Problem -
Pictures aside, print all of the data below exactly as written.

Information supplied -
═══
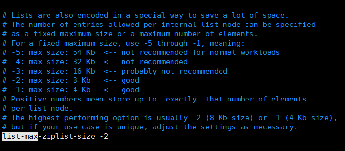 所以redis现在的配置项就改为list-max-ziplist-size了,如果没有修改过原先配置的话,就可以使用cd /etc/redis下的配置目录,查看这个配置项,这个配置项表示一个压缩列表的大小大于nkb的时候,就要分出另外一个节点进行保存。
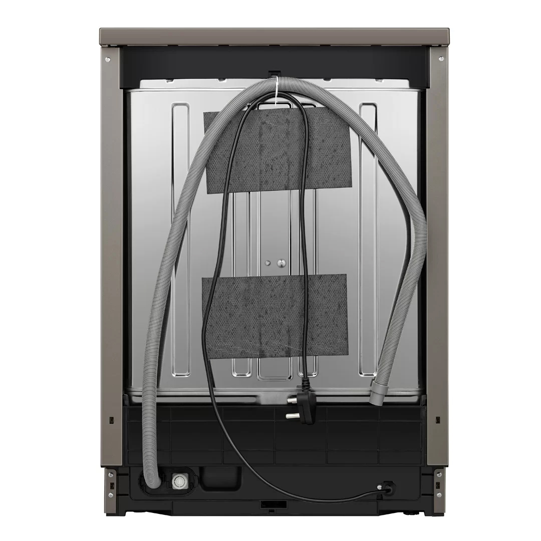 Mặt đằng sau sẽ toàn bộ khung màu đen, chứa ống thoát nước dài 158cm và ống cấp nước dài 154cm. Ngoài ra còn hệ thống dây điện dài 149cm. Tất cả những vật dụng liên quan đến dây điện, ống dẫn nước được sắp xếp ở mặt sau để tiết kiệm diện tích và đảm bảo tính thẩm mỹ cho máy rửa bát Latino LT WD1304G.
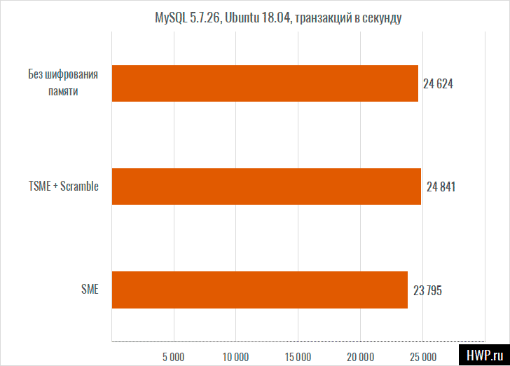 Скажем так: я искал разницу в производительности в приложениях, интенсивно использующих ОЗУ, и не нашёл её. Небольшие различия в показателях можно смело списать на погрешность измерений, так что если вы устанавливаете выделенный сервер для базы данных, будь то NoSQL кэш или SQL база, то шифрование ОЗУ скорость не украдёт. Есть исследования, показывающие, что снижение скорости растёт с увеличением датасета. Я проводил тест MySQL с базой данных объемом 2.7 Гб (12 миллионов записей) и аналогично не заметил влияние TSME на скорость. Вообще, учитывая конфигурацию процессора EPYC 7551p (32 ядра по 2 ГГц), он больше подходит не для сервера под одно приложение, а для облака!
═══
Answer section -
 所以redis现在的配置项就改为list-max-ziplist-size了,如果没有修改过原先配置的话,就可以使用cd /etc/redis下的配置目录,查看这个配置项,这个配置项表示一个压缩列表的大小大于nkb的时候,就要分出另外一个节点进行保存。
 Mặt đằng sau sẽ toàn bộ khung màu đen, chứa ống thoát nước dài 158cm và ống cấp nước dài 154cm. Ngoài ra còn hệ thống dây điện dài 149cm. Tất cả những vật dụng liên quan đến dây điện, ống dẫn nước được sắp xếp ở mặt sau để tiết kiệm diện tích và đảm bảo tính thẩm mỹ cho máy rửa bát Latino LT WD1304G.
 Скажем так: я искал разницу в производительности в приложениях, интенсивно использующих ОЗУ, и не нашёл её. Небольшие различия в показателях можно смело списать на погрешность измерений, так что если вы устанавливаете выделенный сервер для базы данных, будь то NoSQL кэш или SQL база, то шифрование ОЗУ скорость не украдёт. Есть исследования, показывающие, что снижение скорости растёт с увеличением датасета. Я проводил тест MySQL с базой данных объемом 2.7 Гб (12 миллионов записей) и аналогично не заметил влияние TSME на скорость. Вообще, учитывая конфигурацию процессора EPYC 7551p (32 ядра по 2 ГГц), он больше подходит не для сервера под одно приложение, а для облака!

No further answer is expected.